От всей души Шаурин надеялся, что Борис не вздумает рассказать Татьяне об их коротком обмене мнениями. Не хотелось расстраивать сестру, доставляя ей лишние душевные страдания. Радовало, что в семье Осиповых сейчас воцарился мир и покой; Денис не желал стать той самой чревоточинкой в их мало-мальски счастливом браке. И гадать не нужно: Тане не понравится то, что он сказал. Ему и самому это не нравилось, лучше бы подобной проблемы в их семье не было. Но так сложилось. Тем более, его визиты к родственникам в последнее время стали довольно редким явлением, потому оставлять после себя ссадины на родных душах Денис не считал приемлемым. Сейчас семья стала для него отдушиной, куда он возвращался, чтобы надышаться чистым воздухом.
Вот такие люди странные существа, живущие на эмоциональных контрастах, — все белое и чистое начинают ценить только после того, как окунуться с головой в дерьмо. Денис не исключение.
— Денис, кстати, скоро у тебя день рождения. Как праздновать будешь? — спросила Таня. — Надо подарки готовить.
— Если бы ты не напомнила, я бы вообще про него не вспомнил. Туго сейчас с праздниками.
Шаурин и, правда, так замотался, что 8 ноября выпало из его памяти, утратив значение столь знаменательной даты, как собственное появление на свет. А с празднованием все просто. Был бы хороший повод, а приличный кабак всегда найдется, а там и все остальные развлечения.
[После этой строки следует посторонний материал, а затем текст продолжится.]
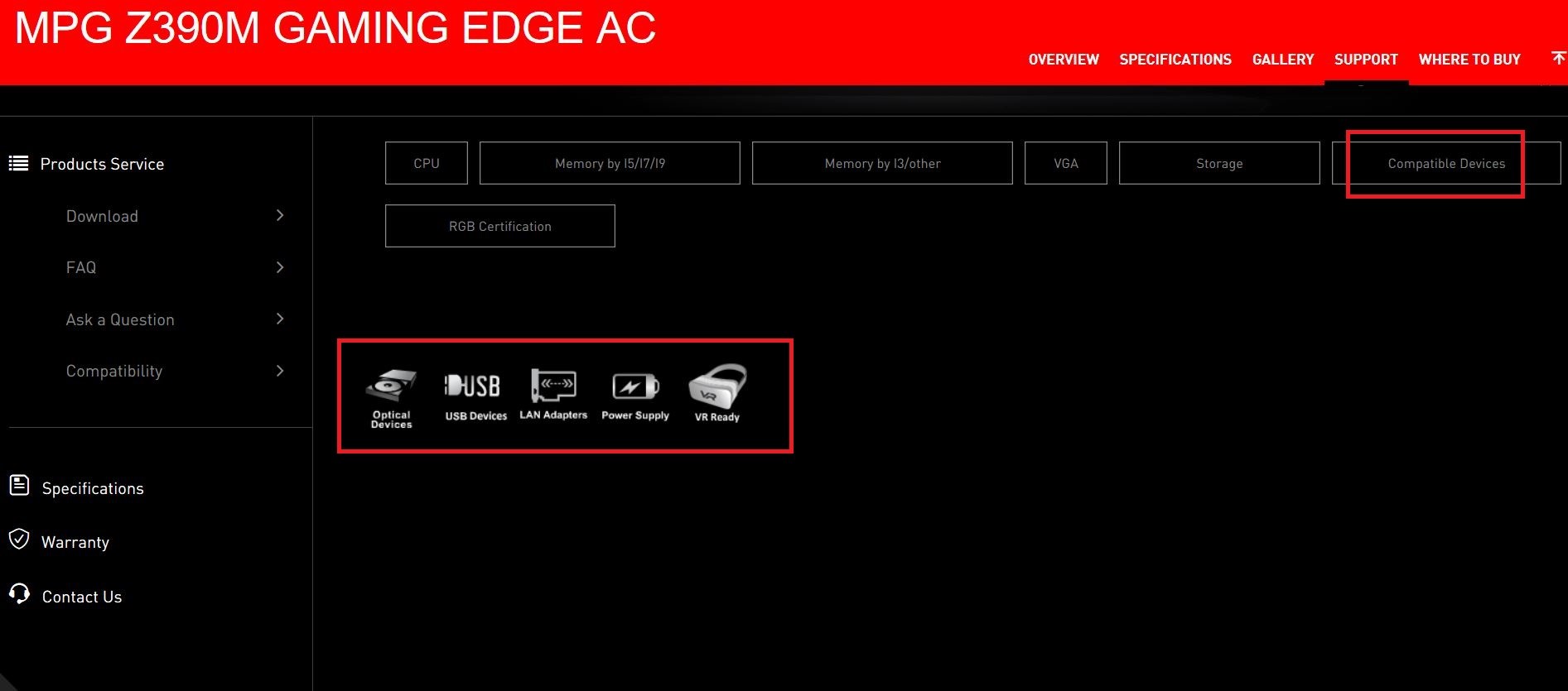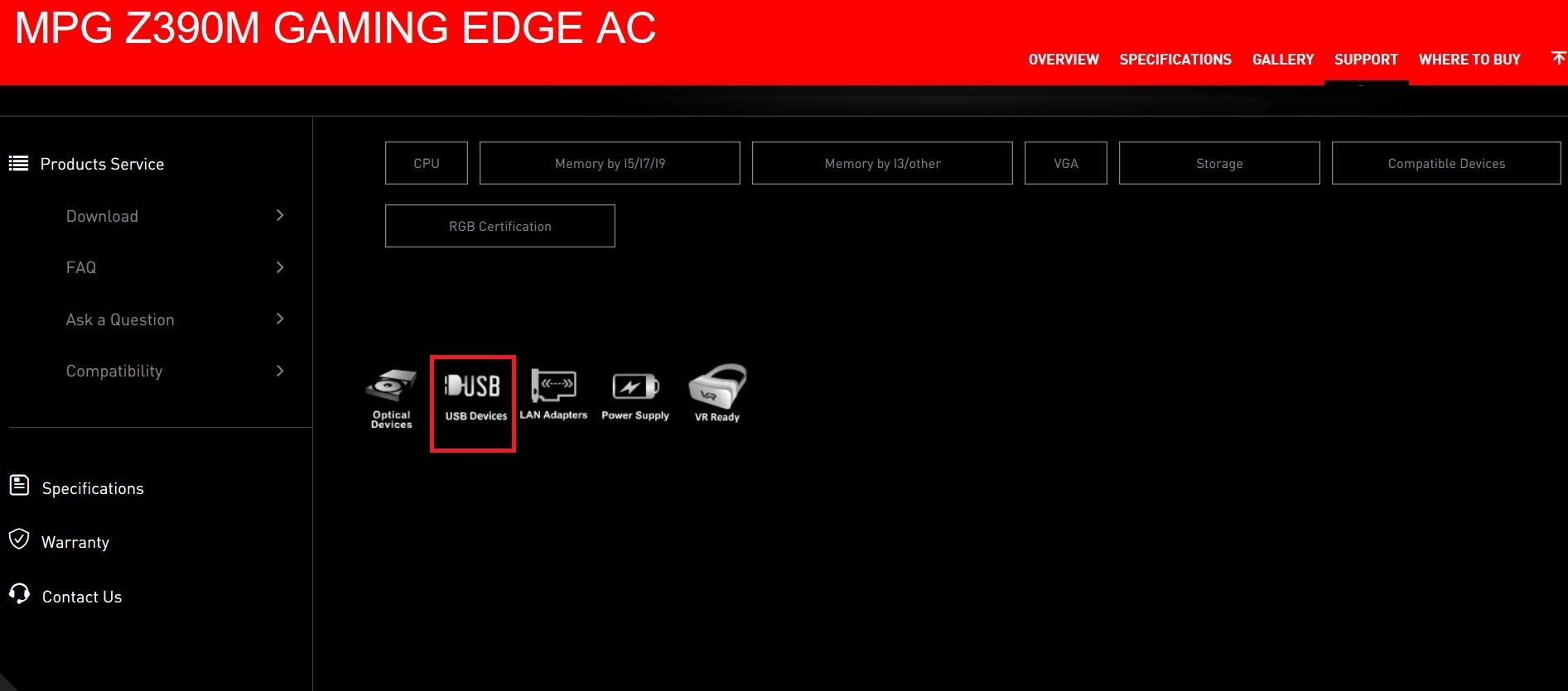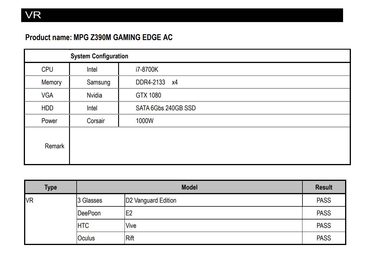 MSI公式Webサイトで互換性レポートを参照してください。選択に応じてストレージ、グラフィックスカード、VRデバイス、電源装置、LAアダプター、USBデバイス、光学ドライブの情報を調べることができます。

Далеко за полночь к дому подъехало такси. Денис и Вадим вышли на улицу проводить Таню с мужем. Муж не стал затягивать с прощанием, а, ограничившись несколькими словами и рукопожатием, втиснулся в урчащую машину. Поворковав немного, Татьяна со вздохом поцеловала брата в щеку, обняла Вадима и уселась на заднее сиденье автомобиля.
Ночь была морозная, но безветренная. Застывшие листья хрустели под подошвой как бумага. Друзья медленно пошли по двору на детскую площадку. Денис крутанул карусель и тут же, скривившись, остановил ее, ибо пронзительный скрип металла противно резанул ухо. Старая карусель. Сколько кругов они намотали на ней в детстве, не счесть. Тогда на скрип железной карусели никто не обращал внимания. Его и слышно не было из-за девчоночьих визгов. До тошноты девок раскручивали, до слез.